DE102011090158A1 - Method for engaging a starting pinion of a starting device in a ring gear of an internal combustion engine - Google Patents

Abstract

Method for engaging a starting pinion (19) of a starting device (16) in a ring gear (13) of an internal combustion engine (10), wherein the internal combustion engine (10) has a drive shaft (22) and the starting device (16) has a starter motor (25) the drive shaft (22) has a variable speed (n), and in a method step (S1) a shutdown of the internal combustion engine (10) and thereafter in a method step (S2) by the starter motor (25) not rotationally driven starter pinion (19) a Vorspuraktuator (28) by means of a toggle force (FV) in the direction of the sprocket (13) is advanced until it touches and then in a further step (S3) on the starter pinion (19) targeted a Einspurkraft (FE) is effected to the toothed pinion (19) into a tooth gap (34) of the ring gear (13) einzuspuren.

Description

State of the art

There are known start-stop systems in which the internal combustion engine is switched off and on according to a specific strategy. Also known are start-stop systems based on pinion starters, which engage a pinion in a starter ring gear of the engine to start.

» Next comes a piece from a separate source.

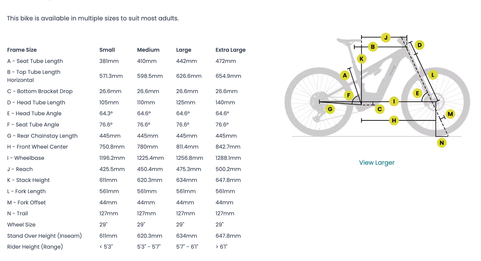 - Rider Height: 5'3" - 6'1"

In previous start-stop systems, the meshing of the pinion in the sprocket and the restart of the engine only after the complete stoppage of the drive or crankshaft of the engine can be done. This may result in a stop case under certain circumstances, time delays and comfort disadvantages. These are to be avoided or shortened by the meshing of the starter or its pinion in the expiring sprocket of the engine. Such a process is referred to in professional circles as "Change of Mind". This term indicates that a change of consciousness of the driver of the vehicle is connected to a new drive request with required restart or restart of the internal combustion engine.

Different strategies for energizing the starter motor and the meshing of the starter pinion are for example from the DE 10 2008 040 830 A1 known. These strategies each require a starting system, in which the functions "starter motor starter" and "starter pinion engagement" can run independently of each other.

The methods described below specify further variants of the strategy for starting the starter motor and for engaging the starter pinion in the starter ring gear. These are connected with the goal of being able to use the advantages of the function "Change of Mind" even in the Auspendelphase of the internal combustion engine after stopping. Furthermore, decision criteria for implementing a suitable strategy for the meshing of the starter in the outgoing internal combustion engine are given. So that primary goals are optimally fulfilled for the respective application. These primary goals include, for example, the so-called restart time, reducing vibrations when starting with the vehicle, noise reduction and increase the life of the starting system.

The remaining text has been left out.